On 7/14/05, Phillip J. Eby
At 10:26 AM 7/14/2005 +0100, Paul Moore wrote:
What I'm saying, is that I see a need for *another* transitional process - enabling users and/or package authors to make their code "resource safe", *without* having to buy into the egg/setuptools transition.
It still seems to me that you're missing something. If I don't care about eggs, why would I care about resource safety? Its only benefit is to allow my code to be put in an egg! :)
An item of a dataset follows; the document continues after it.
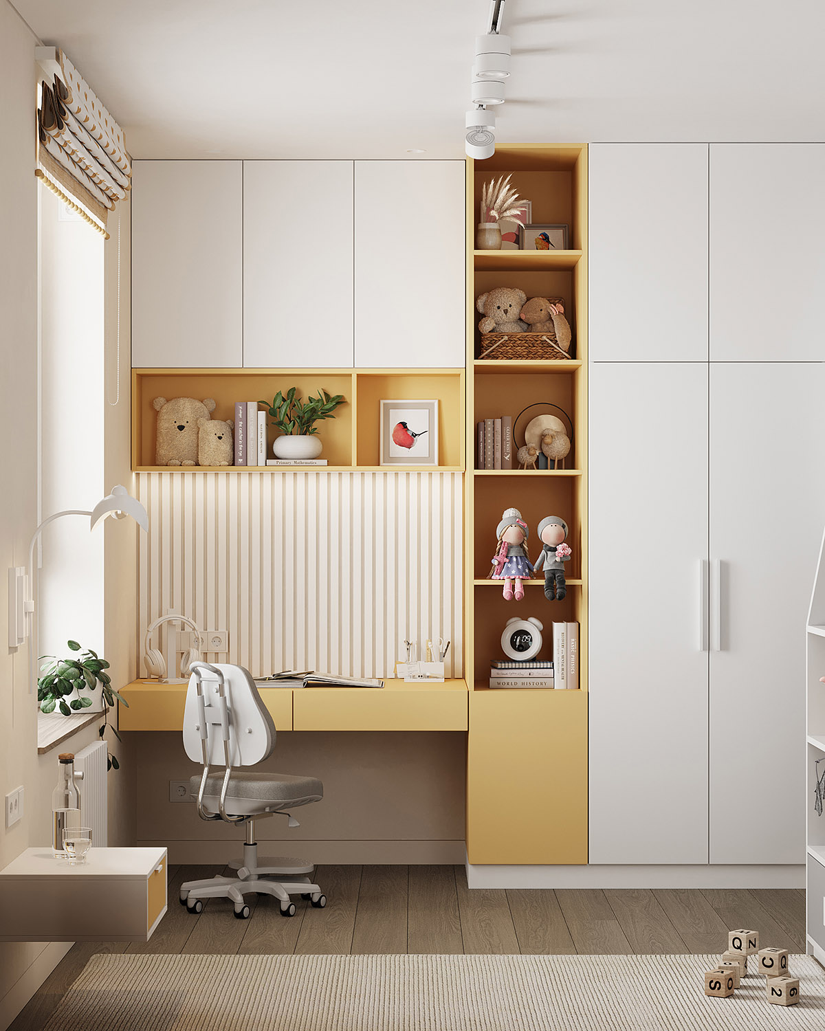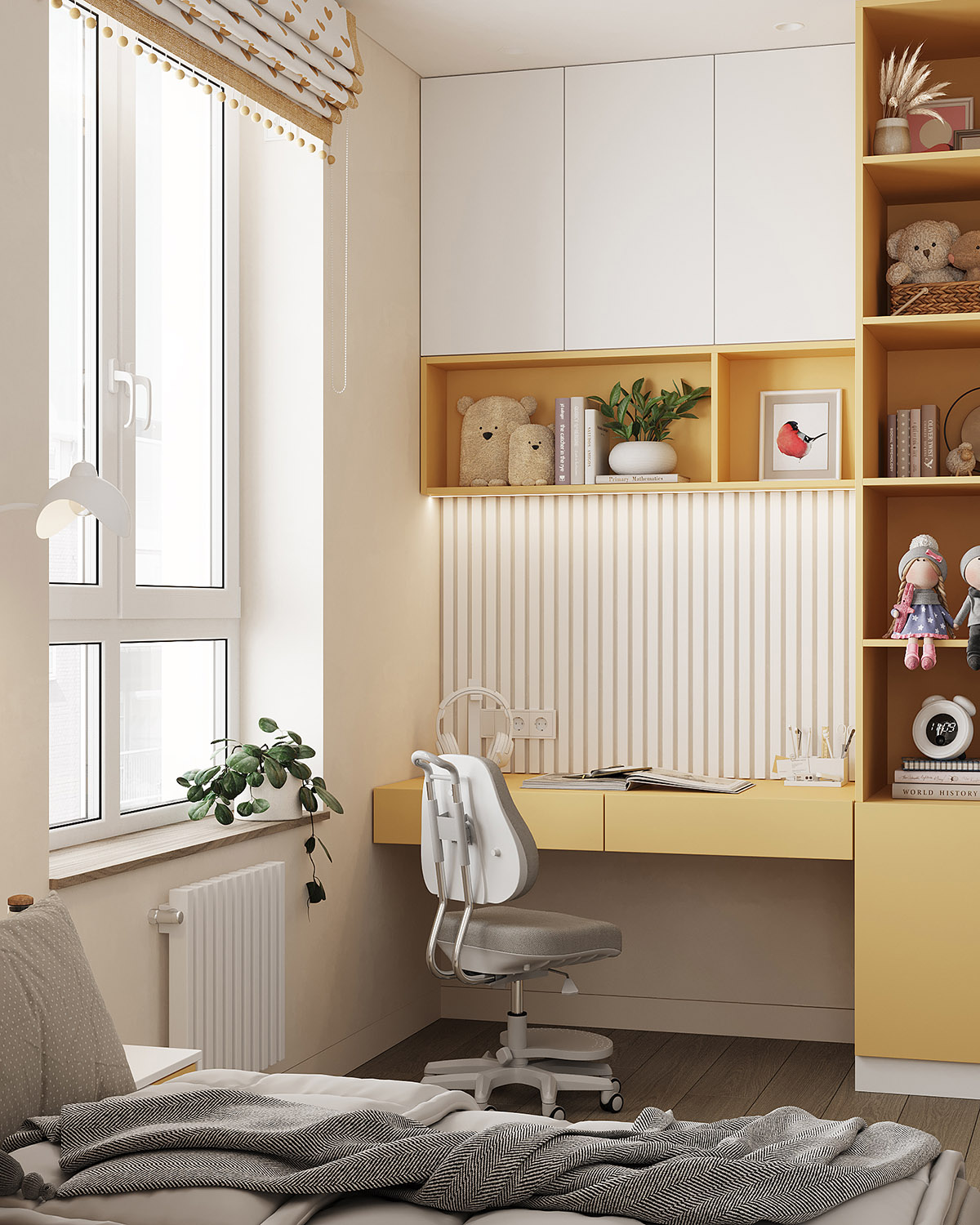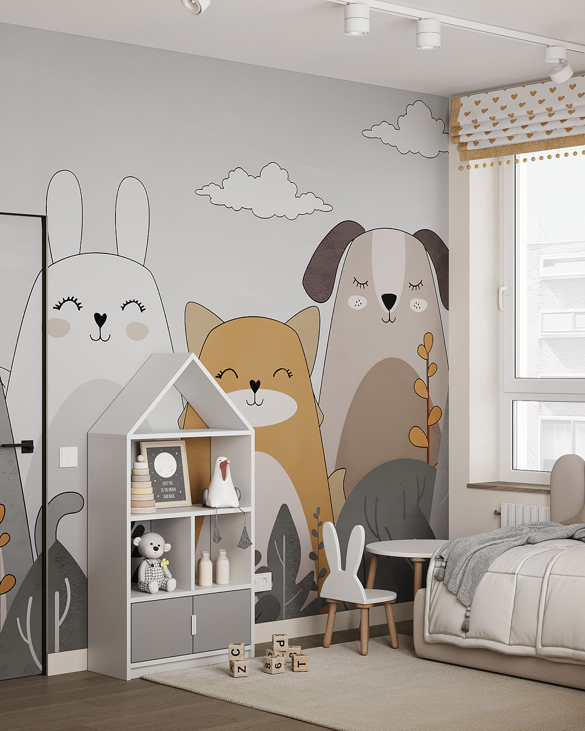Проект детской комнаты площадью 11,2 м² для девочки трех лет с перспективой для размещения рабочей зоны. Обои из коллекции BIG LITTLE. Яркие и пастельные, абстрактные и реалистичные обои в коллекции помогут вам создать идеальную детскую, исходя из темперамента и характера ребенка. Горы в сочетании с плюшевыми животными, домами и самолетами – это универсальные сюжеты, которые подойдут как в комнату мальчика, так и девочки.

You don't care about eggs (yet). Your users (one of whom is me) do, and would like to package your code in an egg via python setup.py --compiler-package=setuptools.command bdist_egg. This works fine, with no source changes, but the resulting egg isn't zip-safe because of resource usage issues. Your user (me) can maintain a small local patch to switch to the resource API, but it would be nice to fold that patch into the distribution, and so avoid the need for a local patch. But the patch that is small for your user with setuptools installed, is large *for you* because you don't (yet) buy into the benefits of eggs (and hence the patch adds a dependency you don't want). So you reject the patch. Please be aware that the point about eggs that excites *me* is the single-file aspect. I'm pretty neutral over unpacked eggs at the moment, so zip-safety is a big bonus for me. I think we're going to have to agree to differ here. Thanks for sticking with it this far. Paul.